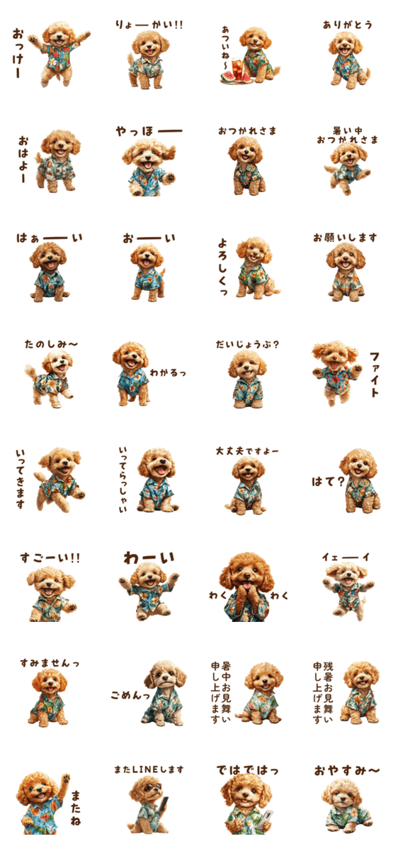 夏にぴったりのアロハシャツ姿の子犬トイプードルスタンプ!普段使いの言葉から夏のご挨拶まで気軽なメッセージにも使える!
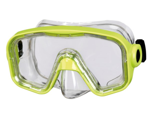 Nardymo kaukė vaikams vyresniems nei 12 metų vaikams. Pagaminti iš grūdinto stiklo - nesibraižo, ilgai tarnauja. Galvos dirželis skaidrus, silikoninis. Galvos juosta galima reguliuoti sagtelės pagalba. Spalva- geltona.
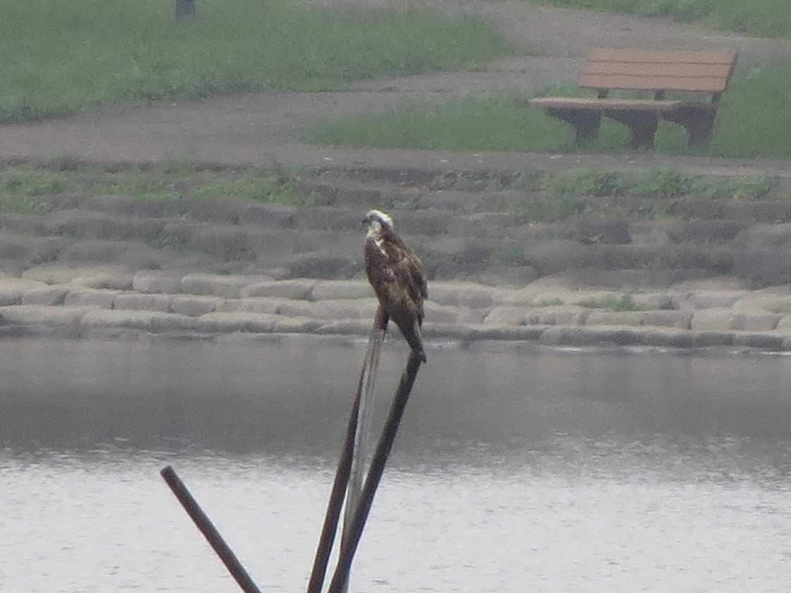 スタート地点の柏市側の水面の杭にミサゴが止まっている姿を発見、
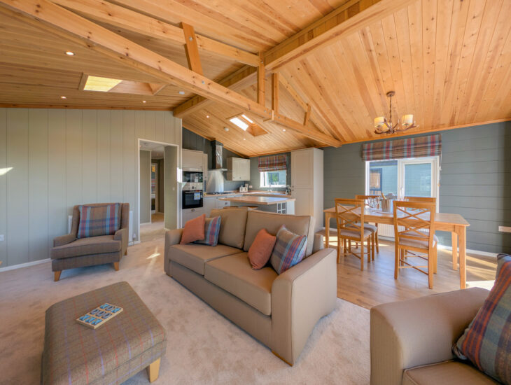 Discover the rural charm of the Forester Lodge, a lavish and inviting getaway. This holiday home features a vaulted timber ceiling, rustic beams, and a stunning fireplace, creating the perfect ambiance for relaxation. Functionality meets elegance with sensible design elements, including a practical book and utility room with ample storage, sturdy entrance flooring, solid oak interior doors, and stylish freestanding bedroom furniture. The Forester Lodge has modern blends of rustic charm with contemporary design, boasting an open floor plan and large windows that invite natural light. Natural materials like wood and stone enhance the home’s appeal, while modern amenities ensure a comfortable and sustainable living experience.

→ What to produce
The lines from the start of the data through the line that contains "スタート地点の柏市側の水面の杭にミサゴが止まっている姿を発見、" are to be returned exactly, please, with both ends included and every picture left out.

→ Answer for the task
 夏にぴったりのアロハシャツ姿の子犬トイプードルスタンプ!普段使いの言葉から夏のご挨拶まで気軽なメッセージにも使える!
 Nardymo kaukė vaikams vyresniems nei 12 metų vaikams. Pagaminti iš grūdinto stiklo - nesibraižo, ilgai tarnauja. Galvos dirželis skaidrus, silikoninis. Galvos juosta galima reguliuoti sagtelės pagalba. Spalva- geltona.
 スタート地点の柏市側の水面の杭にミサゴが止まっている姿を発見、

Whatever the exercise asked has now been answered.